La boca de Thea mostró los dientes. Su voz era seda envuelta alrededor de una pequeña hoja. —La corte debe votar —ronroneó—. No colgamos la seguridad del reino de una palabra, ni siquiera la tuya, querida Regente. Tenemos formas.
Hoorius no suspiró. Miró a los dos jueces cuyos rostros habían olvidado la forma de una sonrisa hacía décadas. —Voten —les dijo, porque podía permitirse complacer una forma si no le costaba nada y le compraba la paciencia de un soldado más tarde.

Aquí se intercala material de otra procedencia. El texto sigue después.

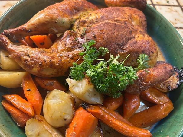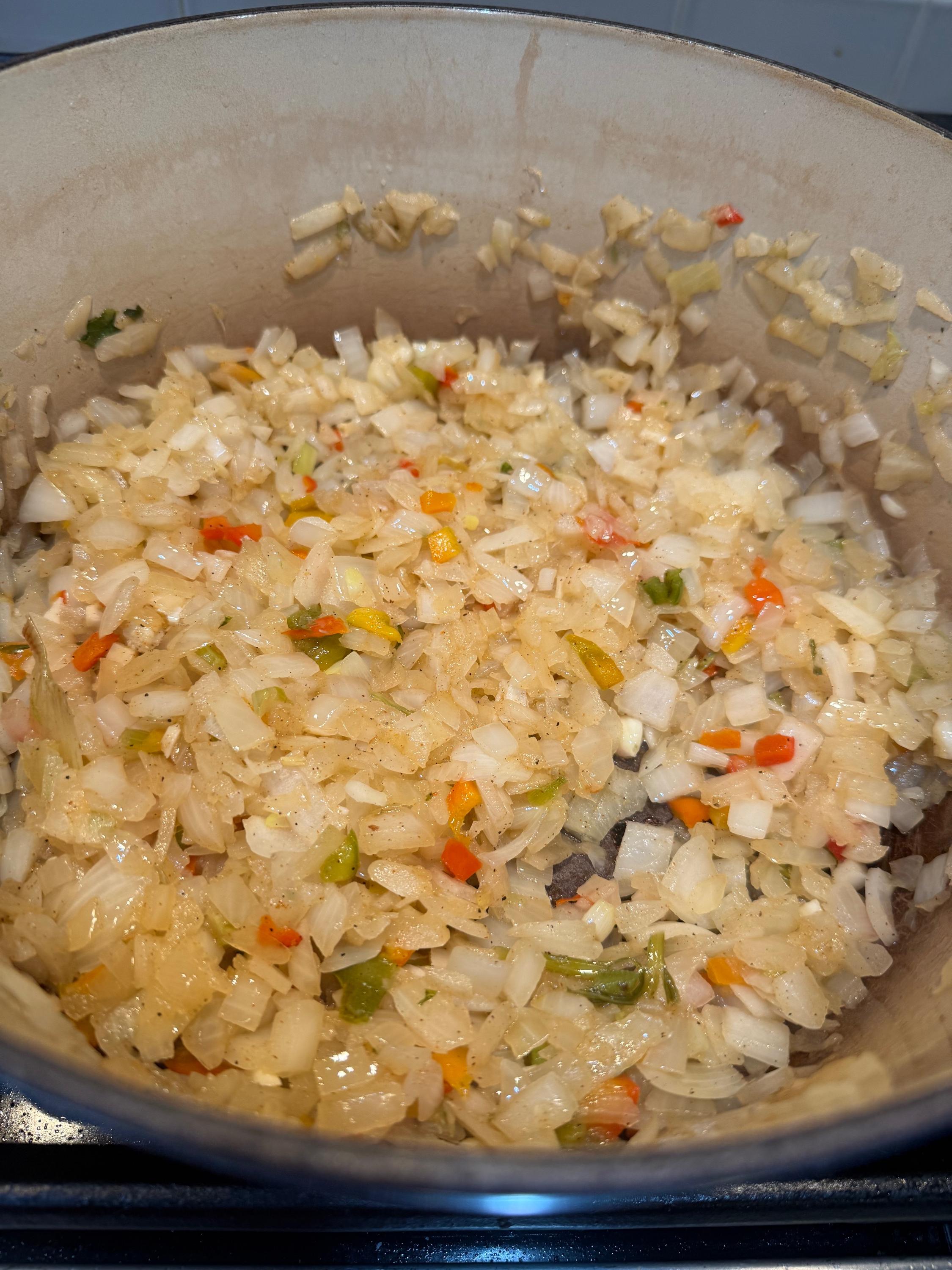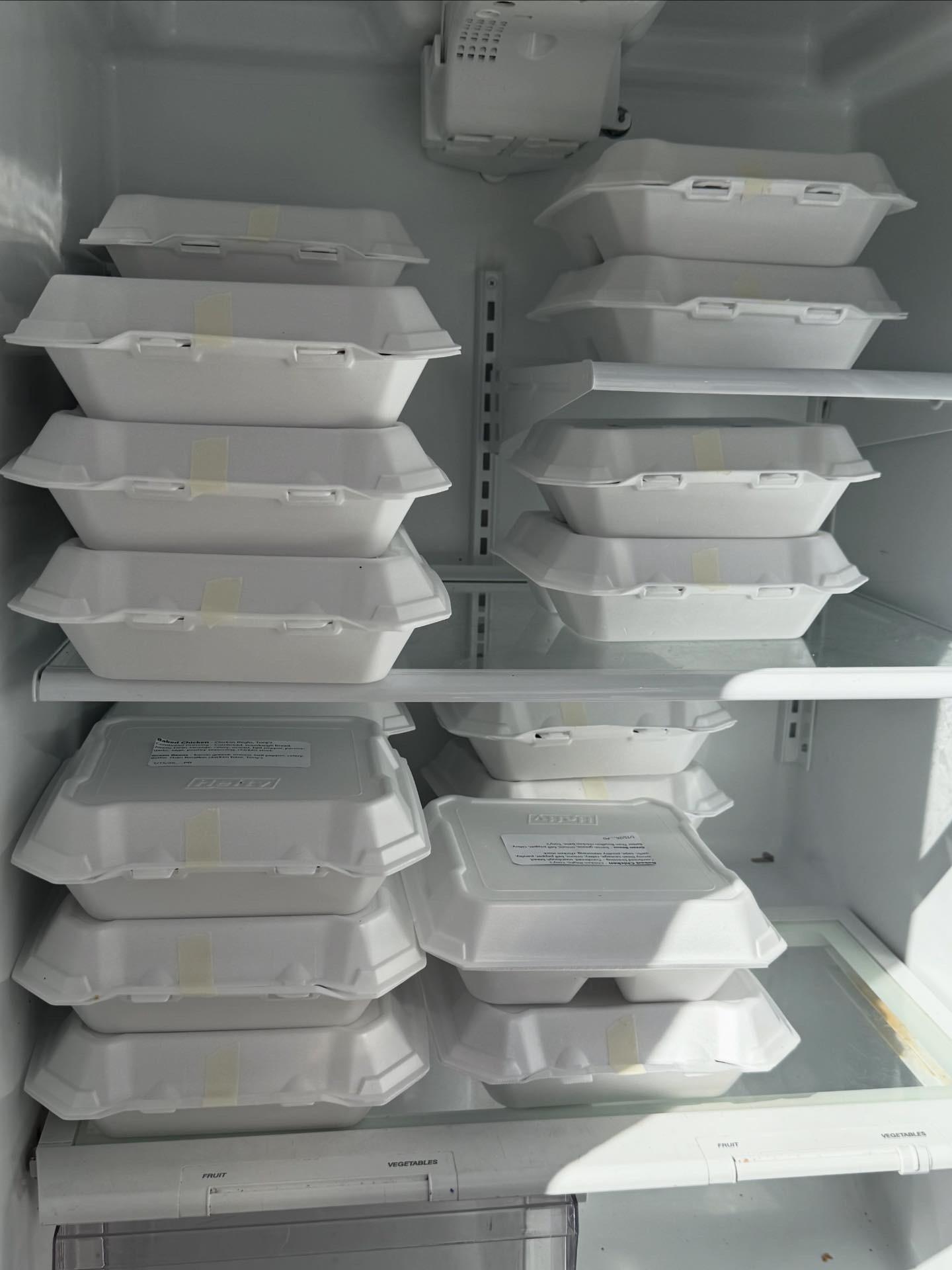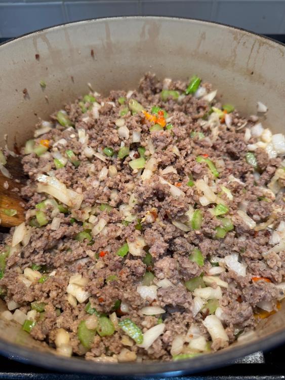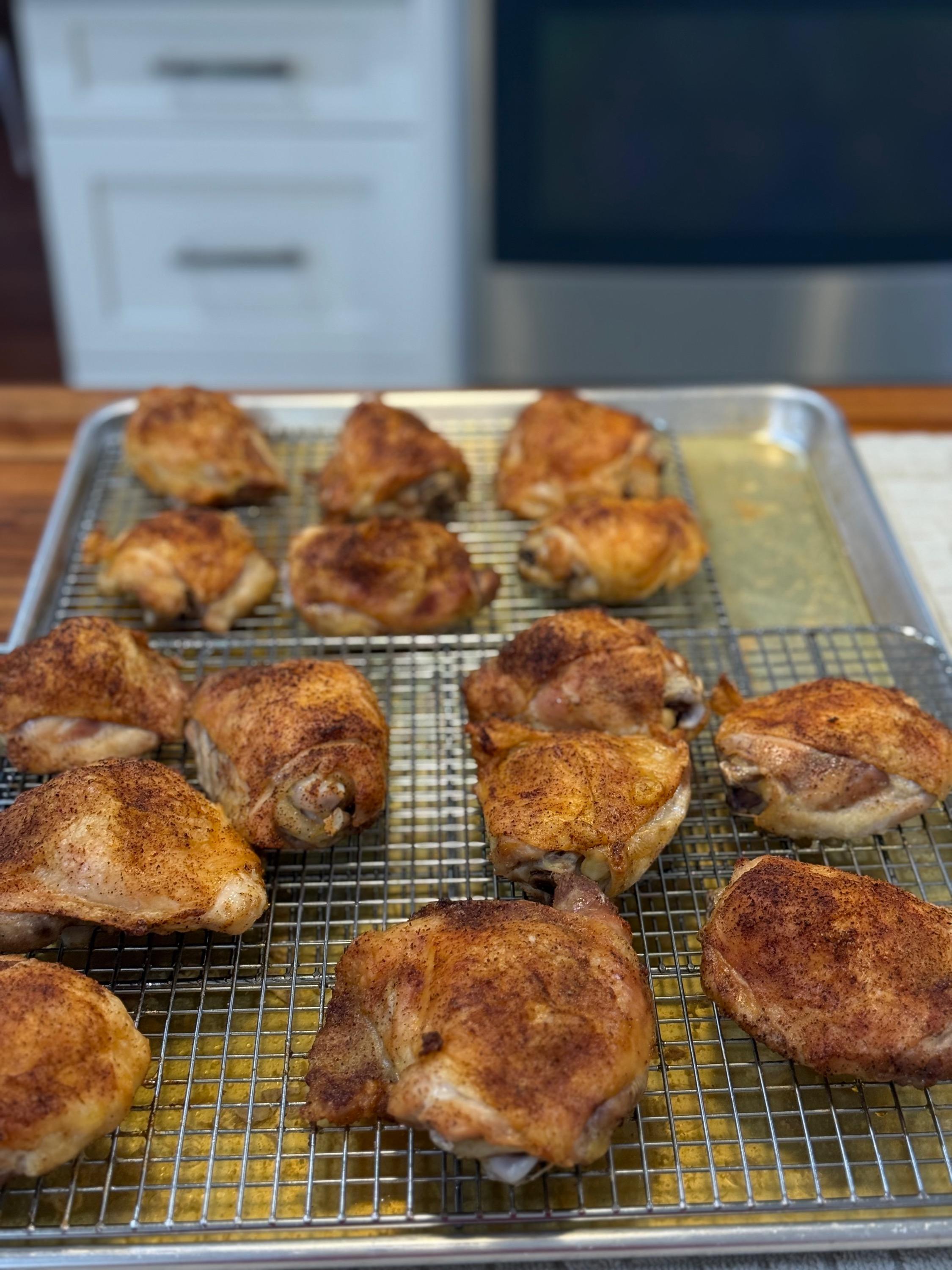 I’d love to say there were no hitches in this week’s CFM, but I can’t. Just after the labels were made and it was almost time for plating, my husband informed me we only had 7 of the three compartment to go containers left! We had plenty of the single compartment containers, but I didn’t want to use them. Costco is less than a mile away, but neither of us was prepared to go. How lucky that we managed to get an Instacart delivery within 20 minutes of realizing the problem? Had to pay $1 extra for faster delivery, but problem solved almost painlessly. Yay! Cornbread was made (more than pictured), and sourdough was purchased. Both were dried out in the oven Jimmy Dean sausage, browned, along with the trinity, plus extra celery. Combining the meat mixture, cornbread, sourdough, and chicken stock. Seasoned with Tony’s, poultry seasoning, plus a little extra sage and thyme. I added four eggs to each pan of dressing for binding. And after baking. There were two pans. I baked at 350, covered, for 45 min. Removed the foil at 45 min, and decided to moisten with more stock, returning the pans to the oven, uncovered, for 15 more minutes. For the green beans, I started with bacon grease from the crock I keep in the fridge. Softened the veg. Added the canned green beans, a few tablespoons of Better than Bouillon chicken base, and seasoned with Tony’s. Not much to say about the chicken! Seasoned and baked at 400 for 45 minutes. The tray on the bottom rack was moved to the top and cooked about 15 minutes longer to even out the browning. One tray pictured. Dessert The plated meal. I try very hard not to say anything when my husband changes capitalization or punctuation or uses random bolding. But if you bold baked chicken and green beans, why not cornbread dressing? And why not be consistent with spacing between items. AND WHY NOT JUST COPY AND PASTE EXACTLY AS SENT?! (Can you tell which of us is the nice guy and which is a controlling um, person?) Regardless, success!

Los jueces hicieron su pequeña vieja danza—nombres, títulos, contadores y llamadas. Las cuentas dijeron sí, no porque amaran a Mia, no porque odiaran a Thea, sino porque el patrón así lo decía. Era una búsqueda de nombres. Las cacerías necesitan cazadores. El salón quería que alguien con armadura saliera y volviera oliendo a polvo y respuestas.
—Hecho —dijo Hoorius.
Thea inclinó la cabeza lo justo para que la luz se curvara en su cabello. —Entonces escribiré tu correa por ti —le dijo a Mia—. La ataré con mis propios dedos. Besaré el nudo —no sonrió ante eso, lo que habría hecho reír a los hombres y romper sus cuencos a las mujeres— y tiraré de ella si tropiezas.
—No tropezaré —dijo Mia.
—Todos tropiezan —dijo Thea.
—Entonces no caeré —respondió Mia.
—Suficiente —dijo Hoorius, y ese fue el final de esa parte de la historia.